--- EXERCISE BRIEF ---
Please transcribe, word for word, only the lines from the one containing "Al trote de" through the last line of the records below, both included, and leave out every picture.

--- DATA TO USE ---
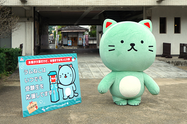 ―――そんな受験生に愛される「森永ラムネ」ってことで、「学問・文化芸術の神様」太宰府天満宮へみんなの合格を祈願すべく、ラムねこが森永ラムネを奉納。
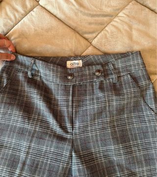 Pantaloni eleganti con fantasia a quadri. - Gamba dritta. - Vita alta. - Chiusura con bottone e zip.
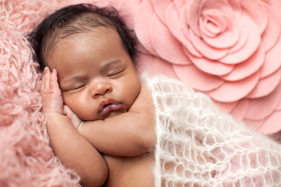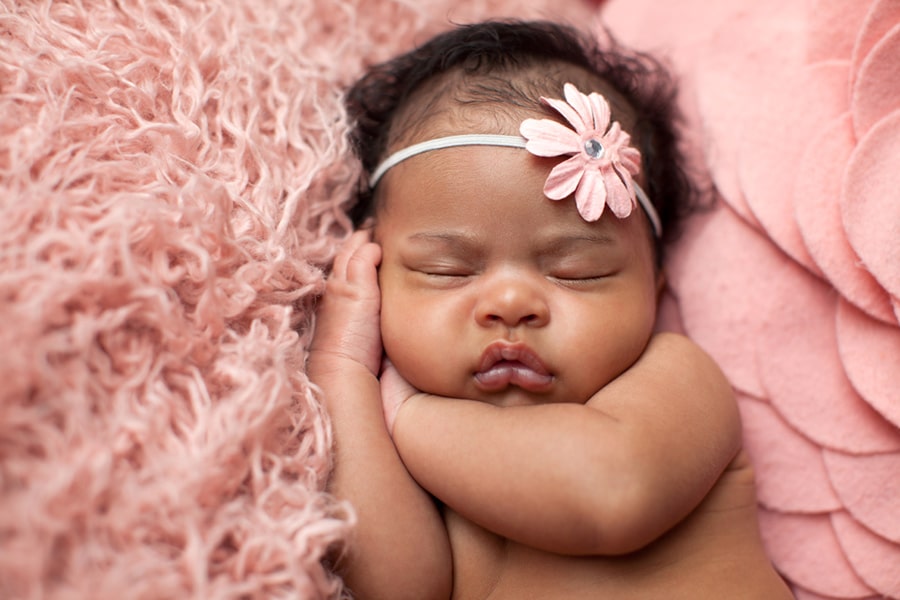 The expressions this 3-week-old baby made during this session are great. You wouldn’t necessarily think it but even at 3 weeks old baby sleeping patterns are pretty different from their first two weeks. They don’t sleep quite so much or as deeply as they do in those first several days after being born so it is a bit harder to get them to sleep for a session. However, this little one was a great sleeper!
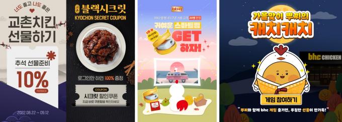 BBQ치킨은 BBQ앱 회원에게 경품을 제공한다. 오는 11일까지 E쿠폰(기프티콘)을 사용한 20명을 추첨해 40만 원 상당의 빔 프로젝터를 증정한다. bhc치킨은 오는 28일까지 약 3주간 공식 홈페이지 및 소셜미디어 채널, 자사 앱 내 미니 게임 '가을맞이 뿌찌의 캐치캐치' 참여자에게 경품을 제공한다.
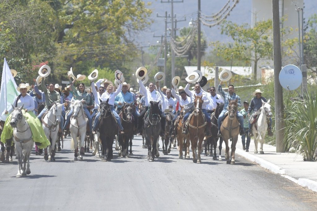 Al trote de los caballos por el Camino Viejo de las Flores y una vista de campos de caña, los jinetes comenzaron a sumarse a la cabalgata, guiada por la abanderada ocampense Ximena Montserrat Hierro Rodríguez.
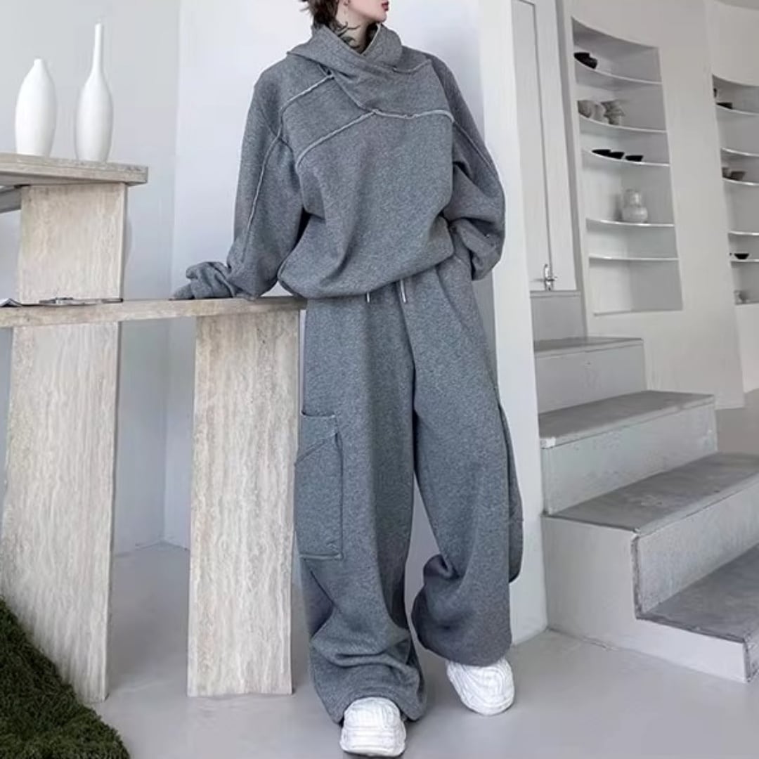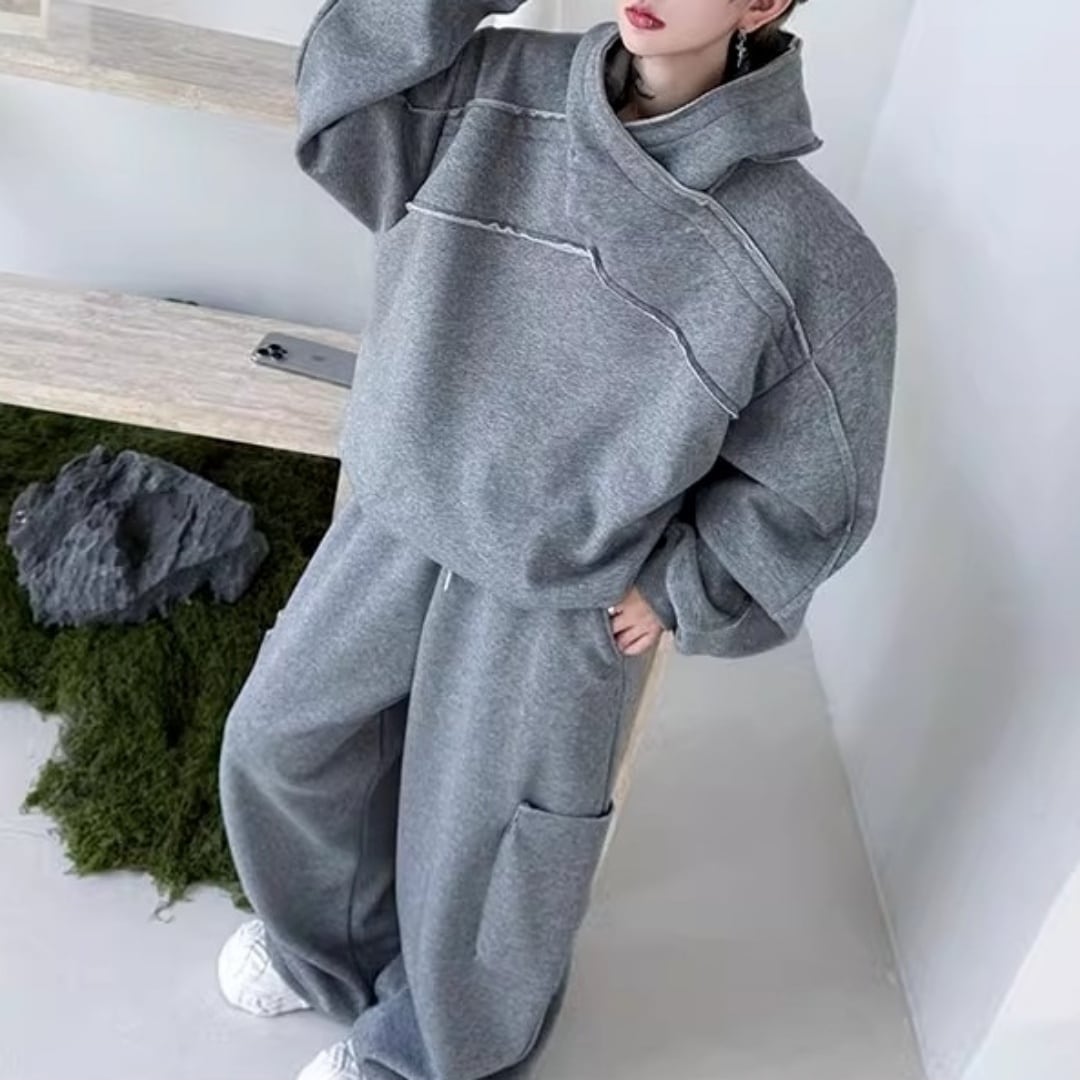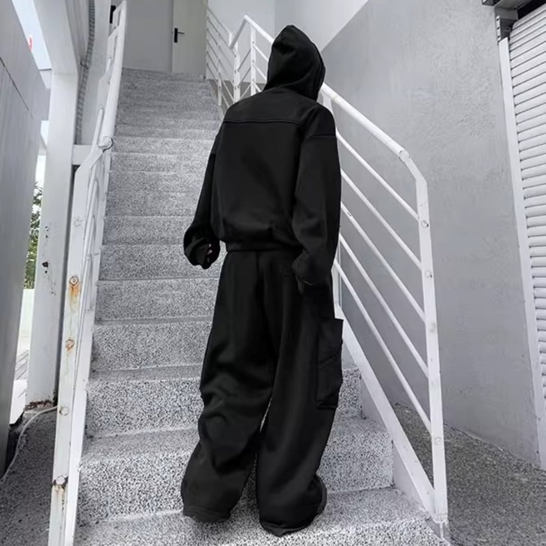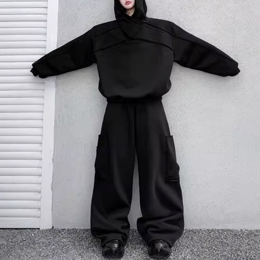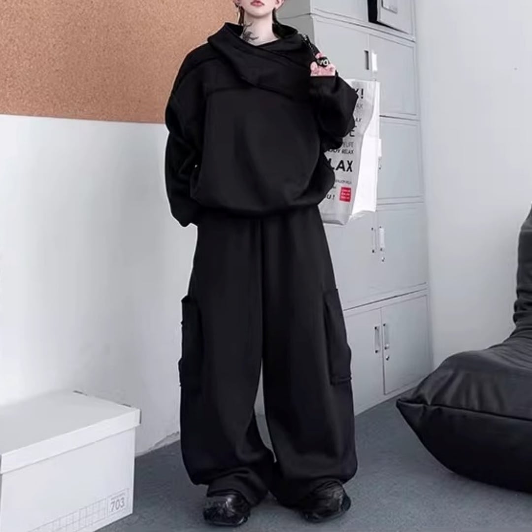 変形クロスネックフーディ&ワイドスウェットパンツ セットアップ 2カラー D12052

--- WRITTEN RESPONSE ---
 Al trote de los caballos por el Camino Viejo de las Flores y una vista de campos de caña, los jinetes comenzaron a sumarse a la cabalgata, guiada por la abanderada ocampense Ximena Montserrat Hierro Rodríguez.
 変形クロスネックフーディ&ワイドスウェットパンツ セットアップ 2カラー D12052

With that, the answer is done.